Aan de Voorzitter van de Tweede Kamer der Staten-Generaal
Den Haag, 29 februari 2012
Kort geleden heeft de algemene commissie Jeugdzorg mij gevraagd om de Tweede Kamer
een brief te sturen over de toenemende medicalisering van de jeugd en het stijgende
gebruik van ADHD-medicatie. Tevens heeft de commissie gevraagd om op het verslag van
het rondetafelgesprek over ADHD van 21 april 2011 (25 424, nr. 116) te reageren, om de uitkomsten van het gesprek met de beroepsgroep over het voorschrijven
van medicatie mee te delen en om de stand van zaken met betrekking tot de uitvoering
van de motie Van der Burg/Dille over «demedicaliseren» van de jeugd te schetsen (33 000 XVI, nr. 153).
Zoals ik reeds in mijn antwoorden op de kamervragen (Aanhangsel Handelingen II 2011/12,
nr. 1410) van het Kamerlid Dille (PVV) aangegeven heb, baart de sterke stijging in het gebruik
van ADHD-medicatie en de daarmee gepaard gaande toenemende medicalisering van de jeugd
mij zorgen. De stijging van het aantal diagnoses ADHD en daarmee van het medicatiegebruik
loopt mee in de stijgende vraag naar professionele zorg in de algehele jeugdzorg.
In de beleidsbrief «Geen kind buiten spel» worden voorstellen gedaan om het beroep
op de zware zorg te doen verminderen (31 839, nr. 142).
Hoewel de Minister en ik er vooralsnog vanuit gaan dat de betrokken beroepsgroepen
vakkundig en zorgvuldig ADHD diagnosticeren en ADHD-medicatie voorschrijven, willen
wij toch de discussie over bovengenoemde problematiek onder en met de betrokken beroepsgroepen
op gang brengen. Daarom hebben wij onlangs de Nederlandse Vereniging voor Psychiatrie,
de Nederlandse Vereniging voor Kindergeneeskunde, het Nederlandse Huisartsen Genootschap
en de Landelijke Huisartsen Vereniging naar hun visie op het adequaat diagnosticeren
van ADHD en het voorschrijven van medicatie bij ADHD gevraagd. Wij verwachten eind
mei hun reactie op onze brief. Afschriften van deze brieven zijn bijgevoegd bij de
brief over het toenemende gebruik van ADHD-medicatie (Kamerstuk 25 424, nr. 161) die de Minister onlangs naar de Tweede Kamer gestuurd heeft.

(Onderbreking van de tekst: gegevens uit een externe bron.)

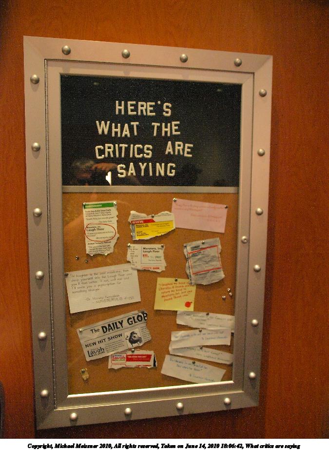 Picture #22: What critics are saying Thumb: 338x450, 42,005 bytes (42K) Small: 675x923, 118,200 bytes (116K), (html file) Copyright, Michael Meissner 2010, All rights reserved Olympus E-3 camera with Olympus 14-54mm f/2.8-3.5 lens f/2.8, ISO 2000, 1/50 sec, 14.0mm, auto mode, vivid color, auto gradation, matrix metering, IS1 (All Direction Shake IS) 35mm equivalent focal length 28.0mm Programs used: default crop, gimp Taken by Michael Meissner on June 14, 2010 18:06:42 Last modified on March 06, 2011 at 08:21 |

Tijdens het WGO Jeugd op 19 december 2011 (Kamerstuk 33 000 XVI, nr. 162) heb ik toegezegd dat ik in april de Tweede Kamer een brief zou sturen met daarin
de verdere uitwerking van de stelselherziening jeugd. In deze brief zal ik verder
ingaan op de (de)medicalisering van de jeugd. In de «april»-brief zal ik ook aandacht
besteden aan het verslag van het rondetafelgesprek over ADHD van 21 april 2011 en
zal tevens de stand van zaken met betrekking tot de uitvoering van de motie Van der
Burg/Dille over «demedicaliseren» van de jeugd aan de orde komen. Over de reactie
van betrokken doelgroepen op de brief van de Minister en mij over diagnose en medicatie
bij ADHD zult u te zijner tijd apart geïnformeerd worden.